In this study, we perform low energy electron diffraction (LEED), electron energy loss spectroscopy (EELS), and ultraviolet photoelectron spectroscopy (UPS), of phenol adsorbed at low temperature (90 K), room temperature, and at 220 °C on non-polar ZnO(1 0 1̱ 0) and polar ZnO(0 0 0 1̱)-Zn single crystal surfaces as surrogate model systems for EPFR formation. Using UPS we were able to observe band bending toward the Fermi level indicating charge transfer from the ZnO surfaces to the phenol at both room temperature and 220 °C, which differs from previously proposed EPFR formation mechanisms. Moreover, EELS measurements are used to probe low-energy electronic transitions of chemisorbed phenol as a function of temperature to compliment the UPS measurements. The UPS and EELS measurements together reveal that the ring of phenol chemisorbed on (1 0 1̱ 0) likely remains intact and the phenol chemisorbed to the (0 0 0 1̱)-Zn shows significant changes that indicate that EPFR formation may favor the Zn-terminated surfaces. The LEED measurements also show significant differences between the adsorbate atomic structure arrangement two surfaces. On the (1 0 1̱ 0) surface chemisorbed phenol forms a semi-ordered superstructure while phenol on the (0 0 0 1̱)-Zn surface is completely disordered.

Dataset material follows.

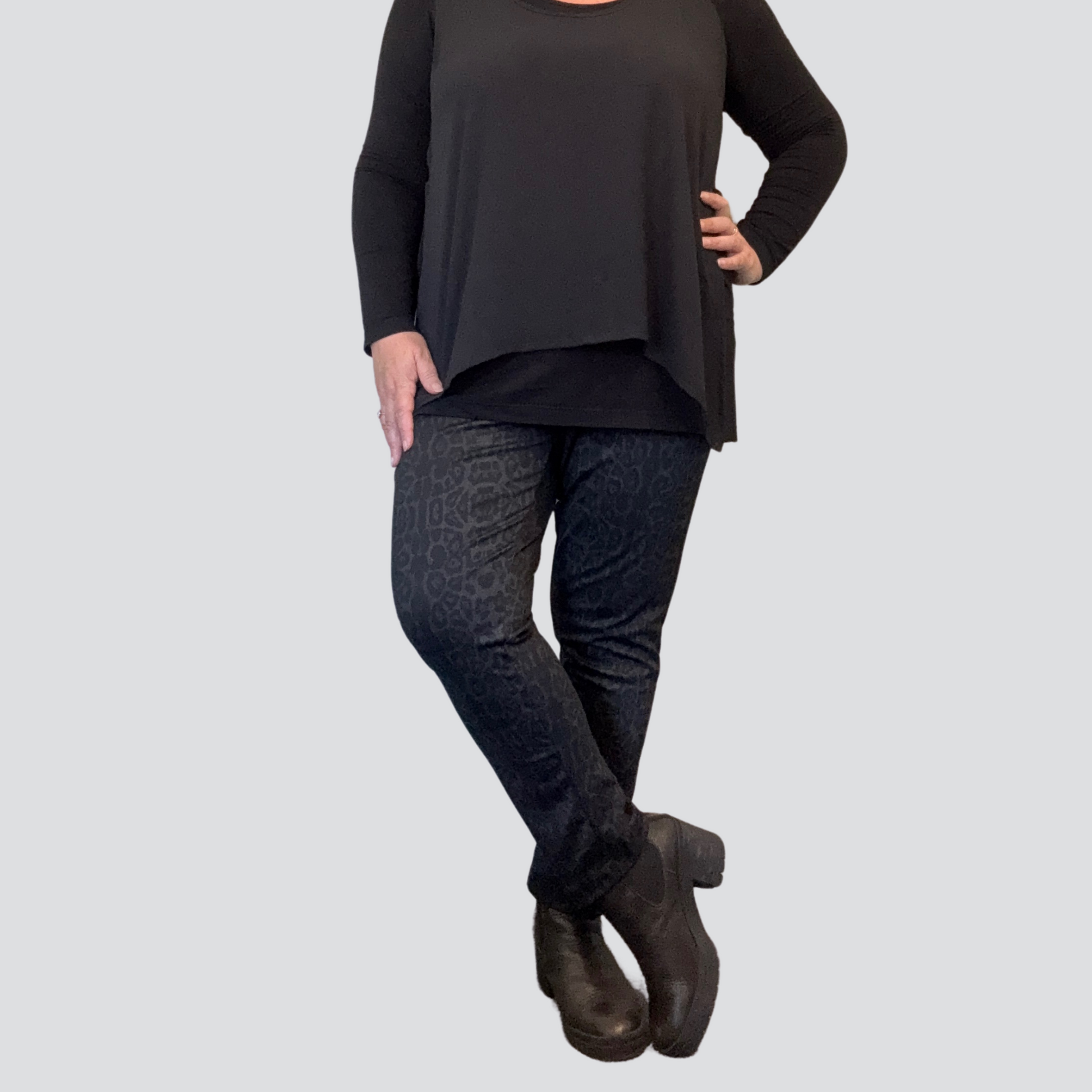 The perfect slimline pant to wear under longer tops and tunics, giving you that edgy, effortless look. Designed for comfort and style, these are your go to for everyday wear with a subtle edge. The discrete grey and black animal print adds just the right amount of attitude.

This investigation is part of a larger program to study EPFR precursors on transition metal oxides. It is clear from the results that will be presented that the simple unverified mechanism does not describe all systems where EPFRs are known to form, although recent experimental studies have demonstrated charge transfer from the adsorbed organic species to the metal oxide in the direction proposed by the generic mechanism [23]. Experimental and theoretical studies are required to generate insights into other EPFR/metal oxide systems and this study can help those who are interested in such systems. By performing detailed studies of the atomic and electronic structure of such systems a clearer picture maybe obtained to understand how each system behaves individually, highlighting their similarities and their differences.

2. Materials and methods

All experiments were performed in ultra-high vacuum (UHV) systems with base pressures below 2 × 10⁻¹⁰ Torr. ZnO(1 0 1̱ 0) and ZnO(0 0 0 1̱)-Zn samples (10 mm × 10 mm × 1 mm) were purchased from MTI Corporation and cleaned in UHV by several cycles of 1.5 keV Ne ion bombardment at 5 × 10⁻⁵ Torr for 45 min followed by 30 min annealing at 650 °C. EELS spectra were taken before dosing with phenol to ensure cleanness of the sample wherein only phonons and bulk band gap (~3.7 eV) features were identified. Adsorption of the EPFR precursor was accomplished by introducing phenol vapor into the vacuum chamber using a standard leak valve. The phenol was purified by several freeze-pump-thaw cycles. For dosing at elevated temperatures, the respective crystal was brought to a given temperature in vacuum as measured with a type K thermocouple. Upon cooling to room temperature, data was acquired. The EELS measurements, using a LK2000 EELS spectrometer employed a primary beam energy of 30 eV with a resolution of ~15 meV (measured by the FWHM of the elastically scattered electron beam in the specular direction) in specular geometry. When dosing at low temperature, the samples were exposed and spectra were collected while the sample was held at ~90 K. All EELS spectra were normalized to the height of the elastic peak.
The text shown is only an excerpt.